In the meantime, while my phone is temporarily disabled because my 3 year old had allocated a new PIN, the fraud division of my credit card company was desperately trying to get hold of me to confirm whether I had indeed just spent 7,000 bucks at an electronics store 2000 kms away from where I live. 

Some underhand lily-livered delinquent had ‘skimmed’ my credit card (I KNOW WHO YOU ARE, YOU LITTLE FUCKER!) and had used a ‘skimmed’ copy of my credit card to spend 7,000 bucks that morning. Thank goodness my bank is on the ball, but it is a huge inconvenience to me. My card has been cancelled and I have to wait five (5) working days to get a new one. I had to buy electricity online today (we have a prepaid electricity meter) and of course, no credit card! 

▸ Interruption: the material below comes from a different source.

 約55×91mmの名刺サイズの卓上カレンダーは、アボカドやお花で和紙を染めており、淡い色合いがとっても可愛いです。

Of course, I have a theory who did it. It must have happened when I was in Johannesburg last week. And I think I know which slimy bastard did it. I told the bank my theory and they were markedly disinterested in my sleuthing skills. “Yes Mrs Albertyn, we will note that on your file”. Note that on my file???? Why aren’t you dashing out to arrest the bastard WHO STOLE MY MONEY! Ok, not my money as I will get it back, but he STOLE!  What is this world coming to! The culprit should be taken outside and shot at dawn!

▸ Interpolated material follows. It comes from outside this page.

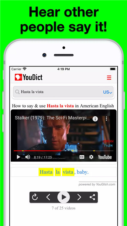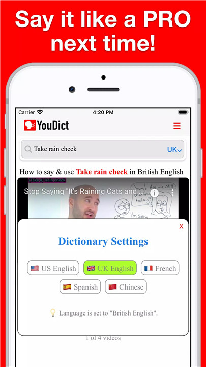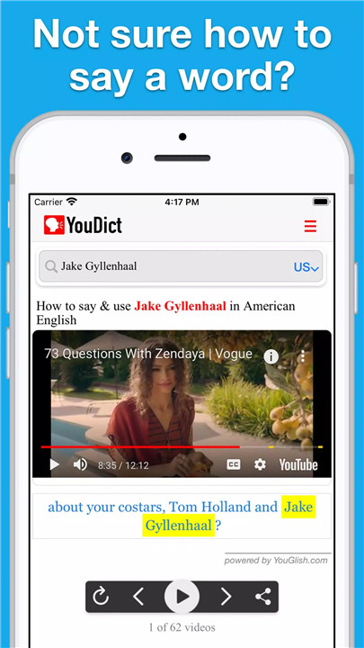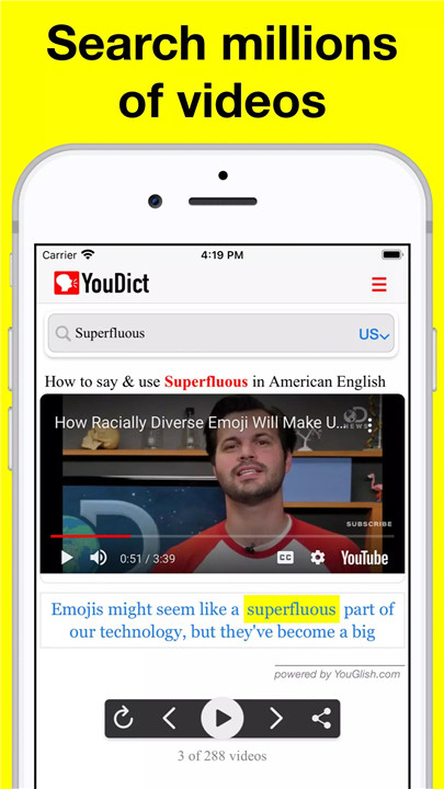 Simply search your word, and YouDict will play videos of native speakers pronouncing it. You can listen as many times as you like.
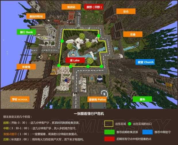 常规时间3:30后,丧尸开始变多且集中,你需要队友。教堂是中期人们比较喜欢呆的地方,因为有上帝保佑啊。(呸!又来)因为视野开阔,有两个门限制丧尸的走位,有高台可以布置防线,而且周边的箱子(墓地)也比较好收集补充。

The most annoying thing of all is that Marko can now say “I told you so”. Where as I take the ‘most people are trustworthy and divine’ approach to life, Marko takes the ‘everybody is out to get us and you should never, ever trust anyone’ approach. He breaks out into a cold sweat if he has to buy anything online and has been known to triple encrypt various bits of random information. Whereas I hand out my details with gay abandon at every opportunity. And this is how my trust is rewarded!!! This whole business is most annoying. 

And now, I really must go. I’d like to have ended on a wittier note but I am exhausted after my fun filled day and I have to be up early for my podiatrist appointment. Good night all. May the force be with you.